Второй том «Мертвых душ» вообще пронизан своего рода микроутопиями (М. Геллер), реализуемыми то на уровне персонажа, или мотива, или даже пейзажного описания. Так, помещичья утопия Костанжогло (Скудронжогло) соседствует с бюрократической утопией (по другой версии – антиутопией) Кошкарева, вызывающей в памяти страницы уже упомянутых «Правдоподобных небылиц» Ф. Булгарина. Различные, но всё утопические пространства представляют собой и поместье Тентетникова, описанное как прообраз земного рая, и – народный вариант утопии – поместье Петуха. Само же посещение Чичиковым данных поместий вызывает, по наблюдению С. А. Гончарова, ассоциации с апокрифическим «Словом и видением апостола Павла» (другое название – «Хождение апостола Павла по мукам»)[783], в котором присутствует описание рая как роскошного сада с рекой, текущей медом и молоком (аналог мифической страны Кокань – см. выше).

При всей глубинной связи второго тома именно с русской утопической традицией гоголевская национальная утопия парадоксальным образом обнаруживает родство также и с утопиями западными. С утопией Вольмара из «Юлии, или Новой Элоизы» Ж.‐Ж. Руссо сополагает утопию Костанжогло М. Геллер. И он же, со ссылкой на А. А. Елистратову, сопоставляет вторую часть «Мертвых душ» с двумя утопическими романами О. де Бальзака «Сельский врач» (1833) и «Деревенский священник» (1842).
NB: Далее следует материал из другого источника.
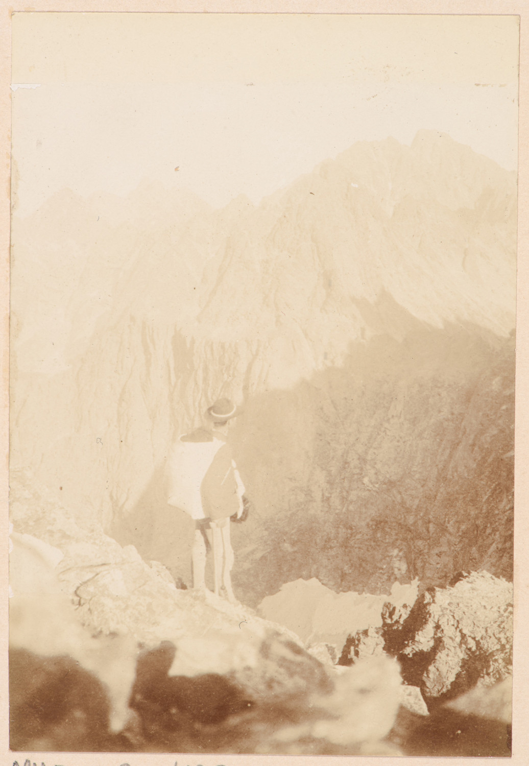 Nazwa: Góral na tle panoramy Tatr, data: 1903, miejsce: , typ obiektu: , wymiary8,5 x 5,8, opis: Mężczyzna w stroju góralskim, portret, ujęcie z góry na tle rozległej górskiej panoramy.

Характерно при этом, что «Сельского врача» сам Бальзак расценивал как «Евангелие действия», поэтизированное «Подражание Христу» Фомы Кемпийского[784], бывшее в 1840‐е годы настольной книгой также и Гоголя (см. с. 36 наст. изд.).
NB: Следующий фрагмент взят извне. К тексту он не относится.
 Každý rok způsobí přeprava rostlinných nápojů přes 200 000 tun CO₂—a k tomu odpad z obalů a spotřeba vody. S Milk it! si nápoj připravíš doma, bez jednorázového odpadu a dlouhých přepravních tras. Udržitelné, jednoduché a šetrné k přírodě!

Как и у йенских романтиков (совпадение, конечно же, типологического свойства), создаваемая во втором томе «Мертвых душ» утопия должна была создать предпосылки к преодолению современной раздробленности сознания. Не «реальную политику», но чистую романтическую утопию в духе Новалиса («вроде произведения Новалиса „Вера и любовь, или Король и королева“») увидел в «Выбранных местах из переписки с друзьями» и – рикошетом – во втором томе «Мертвых душ» К. Мочульский[785].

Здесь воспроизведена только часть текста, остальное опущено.